Both ends included, restate word for word the lines from the first line of the listing through the line containing "This bingo card". Leave the pictures out.

══ COLLECTED MATERIAL

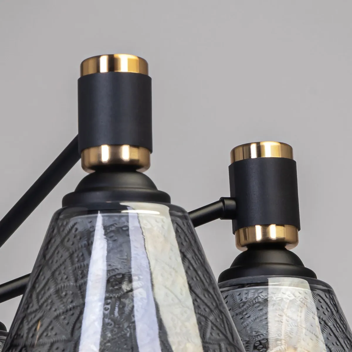 Основание/ металл/ черный, золото Плафон/ стекло/ дымчатый металлик
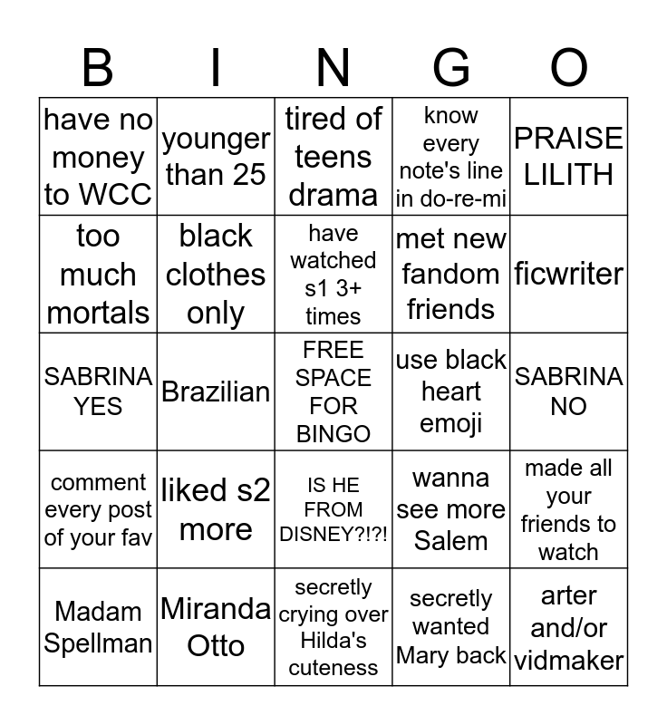 This bingo card has a free space and 24 words: Madam Spellman, liked s2 more, have watched s1 3+ times, secretly wanted Mary back, PRAISE LILITH, have no money to WCC, younger than 25, tired of teens drama, use black heart emoji, SABRINA NO, SABRINA YES, black clothes only, wanna see more Salem, made all your friends to watch, too much mortals, Miranda Otto, secretly crying over Hilda's cuteness, know every note's line in do-re-mi, ficwriter, comment every post of your fav, Brazilian, IS HE FROM DISNEY?!?!, met new fandom friends and arter and/or vidmaker.
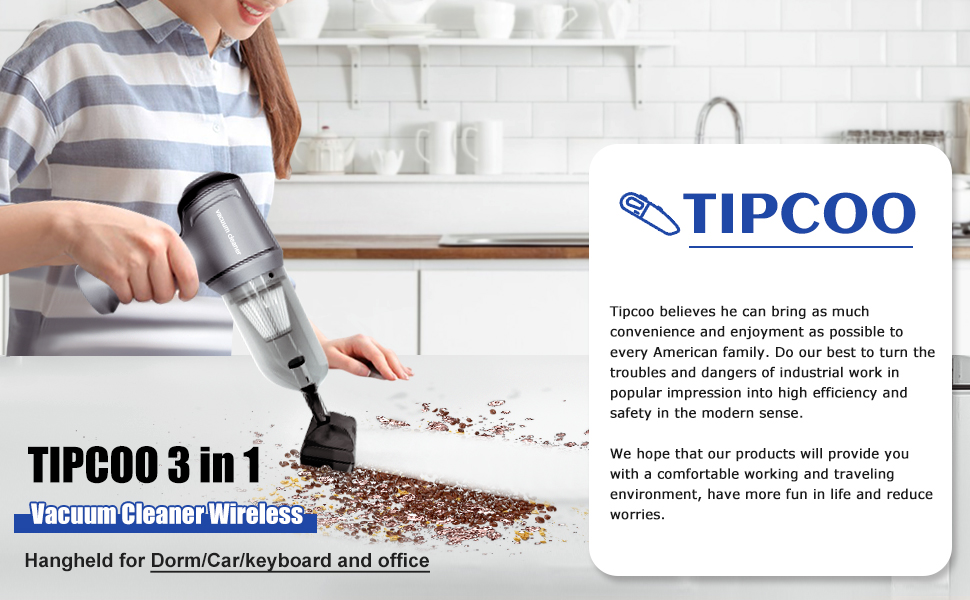 Portable Desing:Hand-held cordless vacuum weighs only 0.77 lb.Easy to hold and small size does.In the car or small space, can also be flexibly used and placed.In addition to the filters that come with the vacuum cleaner itself,vacuum cleaner kit also include one replaceable filters.Strong wet and dry vacuum cleaners not only suck up pet hair,small particles or dirt,but also can easily handle little liquid. Filter is washable and reusable. No more worries about diffused annoying mess in car/home.
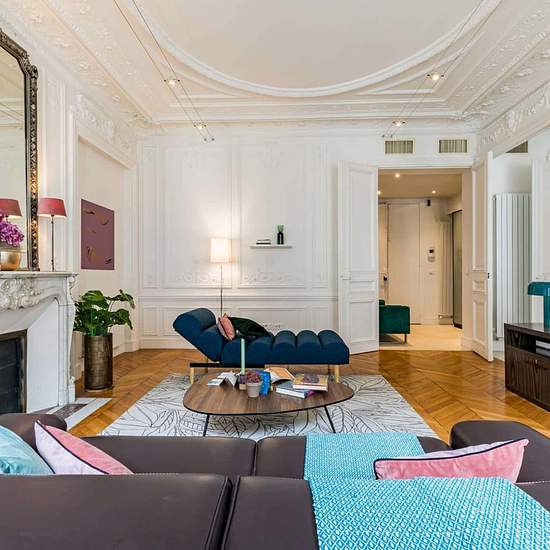 [EN] In the prestigious Champs-Elysées neighbourhood, the cosy one-bedroom Cerisoles E Sweett apartment immerses you in Parisian glamour. Our local interior designer has transformed this apartment into a comfy place to revitalize. Huge windows and cushy furniture will make you feel at home, and a combination of antique parquet flooring and modern decor captures the Parisian contemporary style. The fully equipped kitchen has everything you need for an at-home feast. Immerse yourself in the lavish surroundings of the VIIIth arrondissement, whe...

════

RESPONSE BELOW:
 Основание/ металл/ черный, золото Плафон/ стекло/ дымчатый металлик
 This bingo card has a free space and 24 words: Madam Spellman, liked s2 more, have watched s1 3+ times, secretly wanted Mary back, PRAISE LILITH, have no money to WCC, younger than 25, tired of teens drama, use black heart emoji, SABRINA NO, SABRINA YES, black clothes only, wanna see more Salem, made all your friends to watch, too much mortals, Miranda Otto, secretly crying over Hilda's cuteness, know every note's line in do-re-mi, ficwriter, comment every post of your fav, Brazilian, IS HE FROM DISNEY?!?!, met new fandom friends and arter and/or vidmaker.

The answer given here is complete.